Bing launches new AI-driven Intelligent Search Features

Bing is starting to provide, across the world, a brand new Intelligent Search features for its SERP, powered by AI, to provide immediate answers with a new and comprehensive look and feel. In this article we’re presenting few tests of the new search capabilities and some guidelines on how to improve the visibility of your content on Bing.

Bing, with the help of machine reading-comprehension and deep neural networks, is aggregating facts from well-known data sources to provide end-users with enough confidence on the information being displayed on its search results.

Let’s start with an example based on a super simple Ego Search about myself. This panel has been around for sometimes in the US but it is now richer and it can be accessed also (when the language is set to English) from other countries.

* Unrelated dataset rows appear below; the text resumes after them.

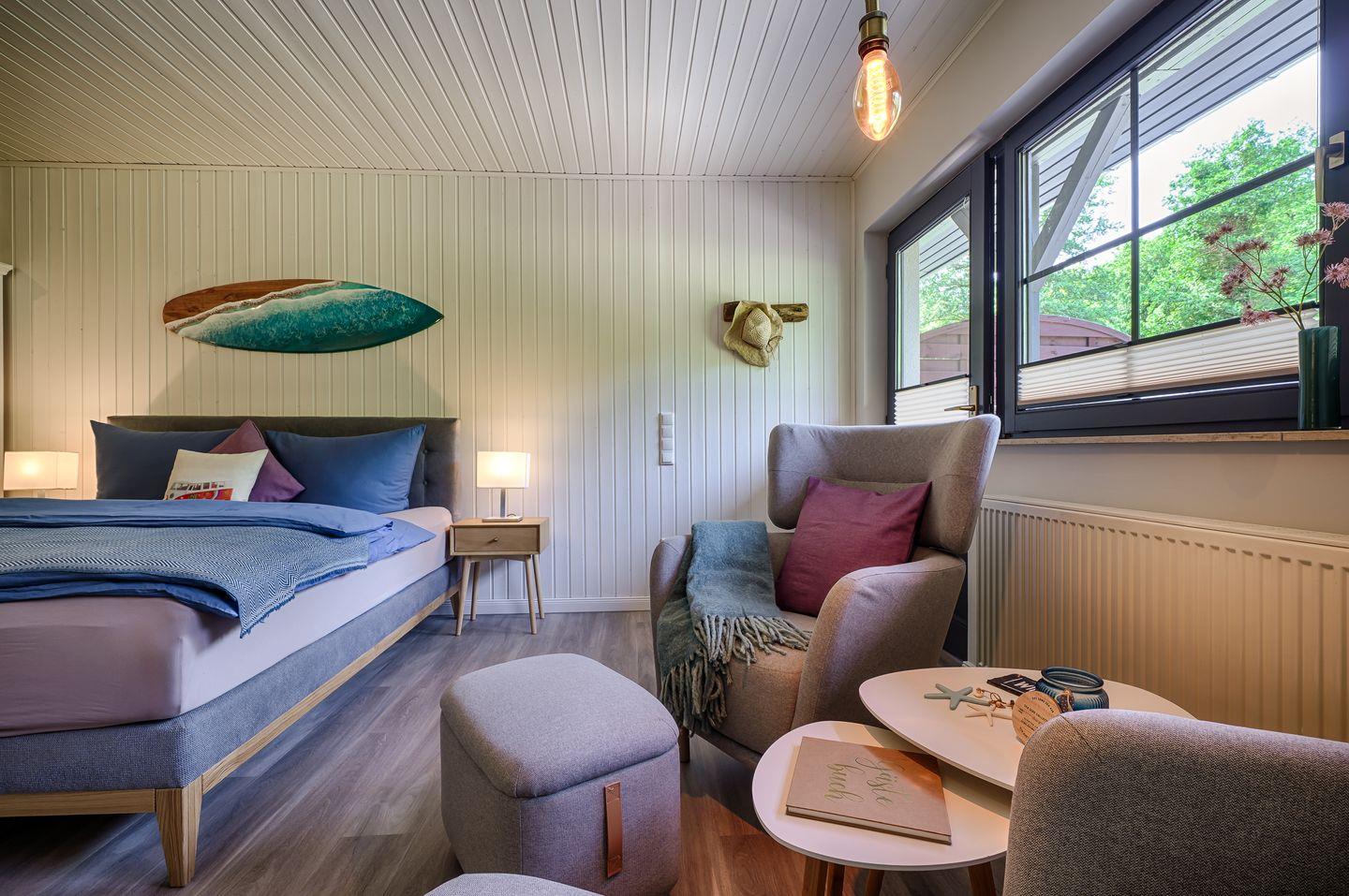 kombinierter Wohn- und Schlafraum mit Doppelbett (1,80x2,00m) und Sitzecke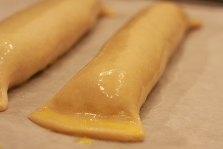 смазываем рулетики яйцом и даём еще "отдохнуть". я жду пока яйцо высохнет, приблизительно 30 мин.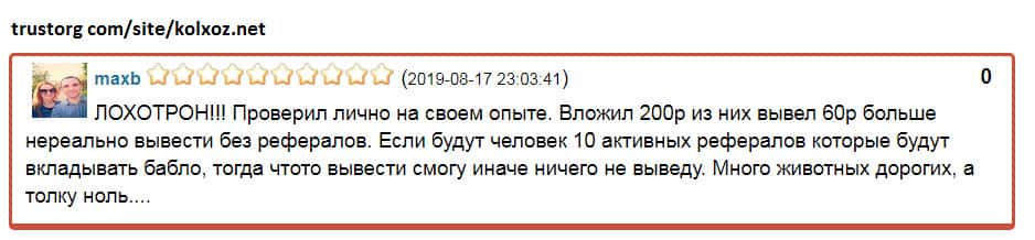 Пользователи не то что не зарабатывают в конторе Колхоз Нет, но даже не возвращают половину своих вложений!

In this specific example, the data is sourced from LinkedIn, Crunchbase and the good old Freebase. Now these are exactly the same webpages (and the datasets in the case of Freebase) that I reference in the entity about myself that is used to annotate articles on this blog. This is why, I assume that Bing, is using structured data to detect relevant data sources around entities.

Knowledge Panels 

Here is how Bing can help you boost your personal branding  

Here is how Bing can help your customers find out more about your company 

Below the knowledge panel that Bing has created around the entity WordLift.

Instant Answers

Bing is using a machine reading comprehension technology, backed by what they call Project Brainwave, to generate the equivalent of Google’s Featured Snippets by analyzing billions of web pages to provide users with the answer they are looking for.

Let’s try with a couple of queries to see what Bing knows about WordLift. Let’s ask in the first place – “What is WordLift?” 

Instant Answer on Bing - What is WordLift

Instant Answer on Bing for “What is WordLift?”

…and then let’s get even more specific with a query like “What is an entity in WordLift?”  As you can see, results – on these very narrow queries – are indeed very impressive!

Instant Answer Bing - What is an entity in WordLift

Instant Answer on Bing for “What is an entity in WordLift?

More helpful in understanding facts about the world

Bing is also providing more ways to read facts about the world. We saw in December last year the new Perspectives Answer Box around highly debated topics like Coffee as well the new Question & Answer panel.

Now, as announced by Bing a few days ago, answer boxes also feature a descriptive tooltip for complex terms that appear in the text of the answer. Have a look at the example below where the term “Liter” is explained when highlighting the word “microliter”.

Intelligent image search

A lot has been done also to improve the image search of Bing that now uses a built-in object detection algorithm or let the user pick up a specific detail of the image with a manual crop. This really makes images way more interactive. See below an example of a photo where Bing is highlighting the two subjects.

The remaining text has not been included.